The Department of Housing and Urban Development (HUD) has charged a manufactured home operator in Oceanside, CA, with violating the Fair Housing Act by refusing to grant a resident with disabilities a reasonable accommodation to have an emotional assistance animal. Read HUD’s charge. It is important to note that the facts from this case date back to 2018. HUD may well be taking a second look at cases brought to their attention during the previous administration.
HUD’s charge alleges that the community refused to allow a woman with mental health disabilities to have an assistance animal in her manufactured home. According to the charge, the community operator initially granted the woman a reasonable accommodation from its “no-pets” policy but later reversed its decision, telling her that only service dogs were permitted. The operator also allegedly sought to render a monetary fine against the woman for failure to comply with the community’s pet policy.

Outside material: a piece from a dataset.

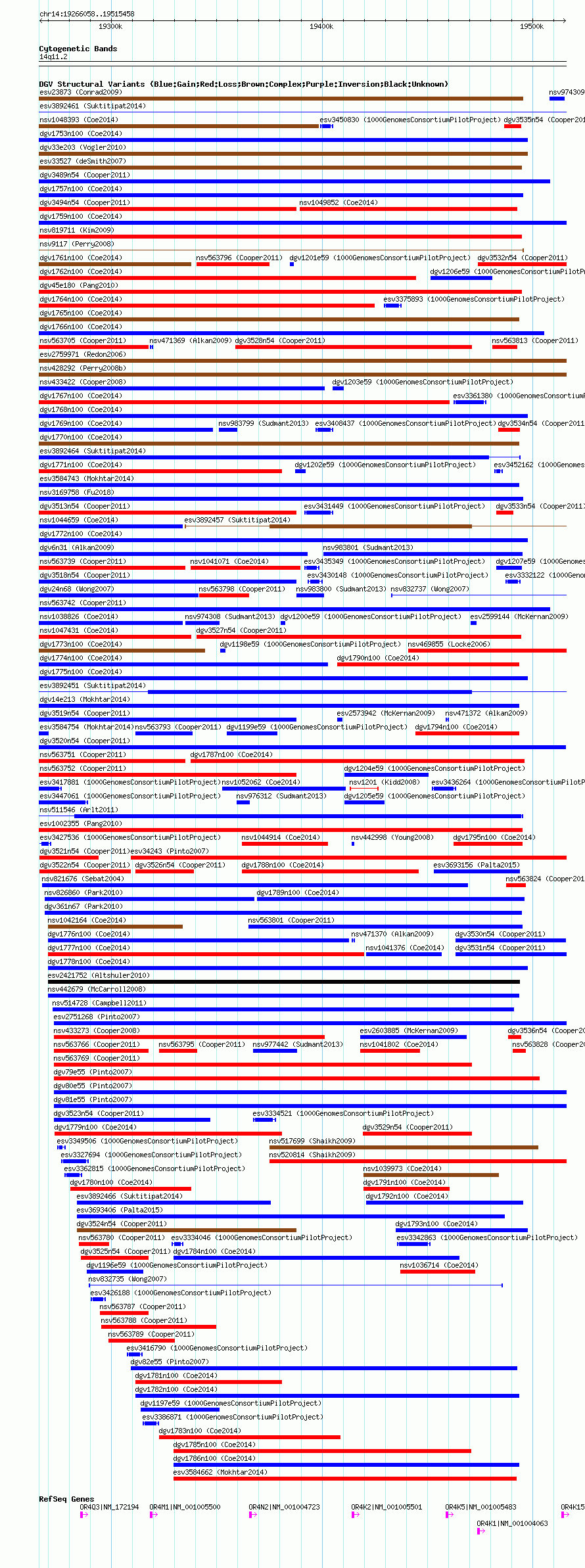 Variant DetailsVariant: nsv563764| Internal ID | 16351173 | | Landmark | | | Location Information | | | Cytoband | 14q11.2 | | Allele length | | Assembly | Allele length | | hg38 | 249401 | | hg19 | 249401 | | hg18 | 249401 |

In its press release, HUD stated: “The Fair Housing Act prohibits housing providers from discriminating against individuals with disabilities, including refusing to make reasonable accommodations in policies or practices when such accommodations may be necessary to provide such individuals an equal opportunity to use or enjoy a dwelling. This includes permitting persons with disabilities to have service or assistance animals. It also requires housing providers that have “no-pets” policies to waive those for individuals who use assistance animals because of their disability.”
“A ‘no pets’ policy does not allow a housing provider to deny people with disabilities the right to needed assistance animals,” said Sasha Samberg-Champion, Deputy General Counsel for Enforcement and Fair Housing. “HUD will enforce the Fair Housing Act to ensure that persons with disabilities have the reasonable accommodations they need to use and enjoy their homes.”